Since Dec. 1, there has been three high-flow periods where much more water could have been captured than was stored. Pumps used to move water into San Luis Reservoir could have been run at capacity on three separate occasions and still provided enough water for salinity control in the Delta.

Instead, about 19 percent of Delta inflow was captured based on a 14-day average.

In real numbers, about 314,000 acre feet of water was stored while nearly 1.1 million acre feet went out to sea.

Here’s where we sit in the latter half of January.

San Luis Reservoir sits at 29 percent of total capacity and less than 40 percent of its historical average for the date.

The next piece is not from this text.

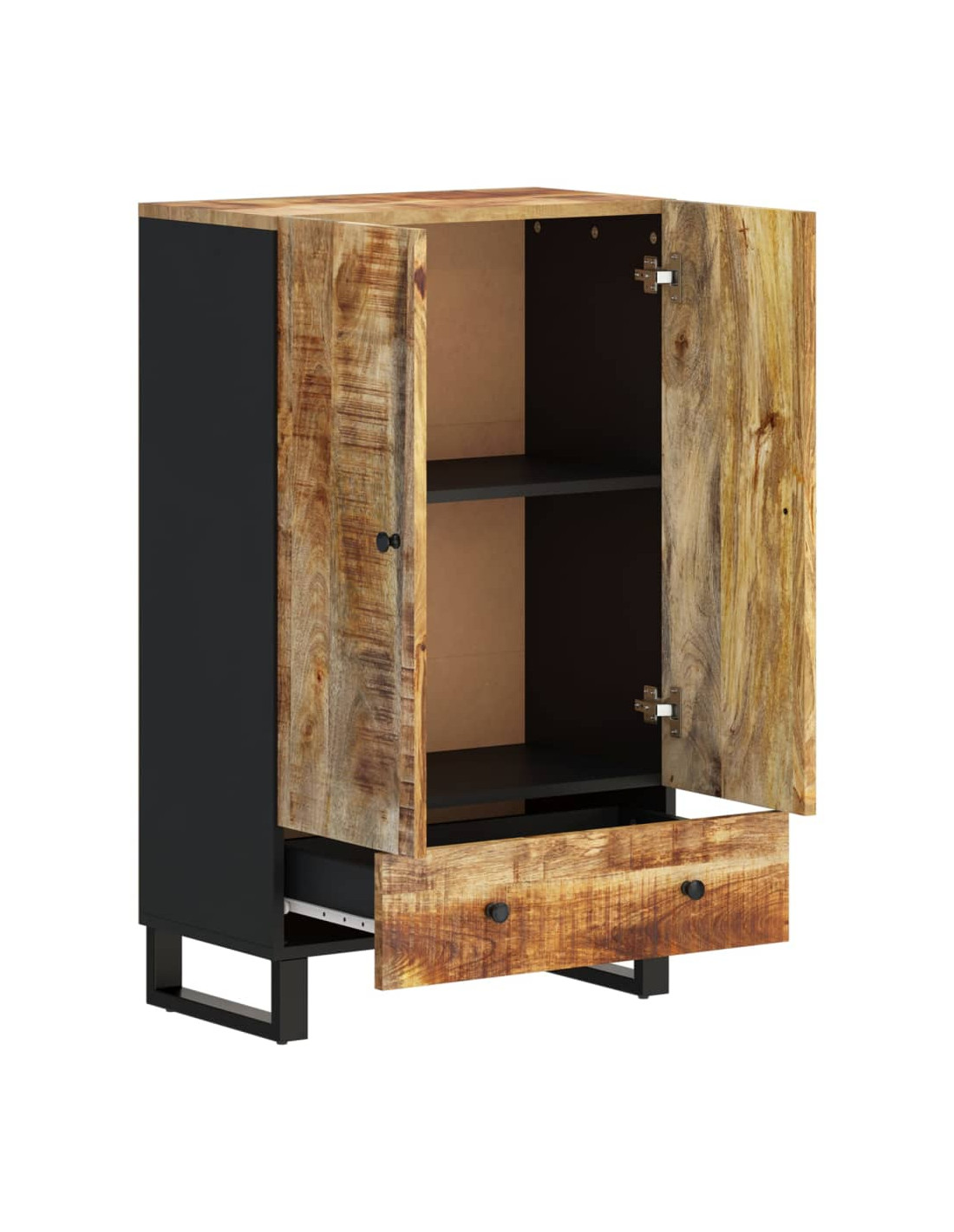 - Legno massello di mango: Questa credenza è realizzata in legno massello di mango, un legno duro con venature dense. Il legno massello di mango non solo è in grado di sopportare grandi pesi, ma è anche resistente all'usura del tempo.

I’m told that little to none of the water in the lake is federal Central Valley Project (CVP) storage, but is primarily state-owned water. California and the feds share storage in the basin, though it’s not a 50-50 arrangement.

The state’s on-stream reservoirs aren’t much better, ranging from a low of 10 percent at Exchequer to 38 percent in Shasta.

The good news is large reservoirs like Shasta and Oroville can fill quickly. A few good storms over the right watersheds can make up large deficits in short order. We saw that with the last El Nino in early 1998, but let’s not bet the farm on that just yet.

Mike Wade of the California Farm Water Coalition says a more sure bet will be what the U.S. Bureau of Reclamation issues as its initial allocation for CVP contractors this year.

“Everybody is expecting that number to be zero once again,” Wade says.

State Water Project users might see a 10 percent initial allocation when those numbers are released next month, he continued. Time and more storms can change these figures.

At no time in the history of the two systems have water users been as short-changed as the last few years.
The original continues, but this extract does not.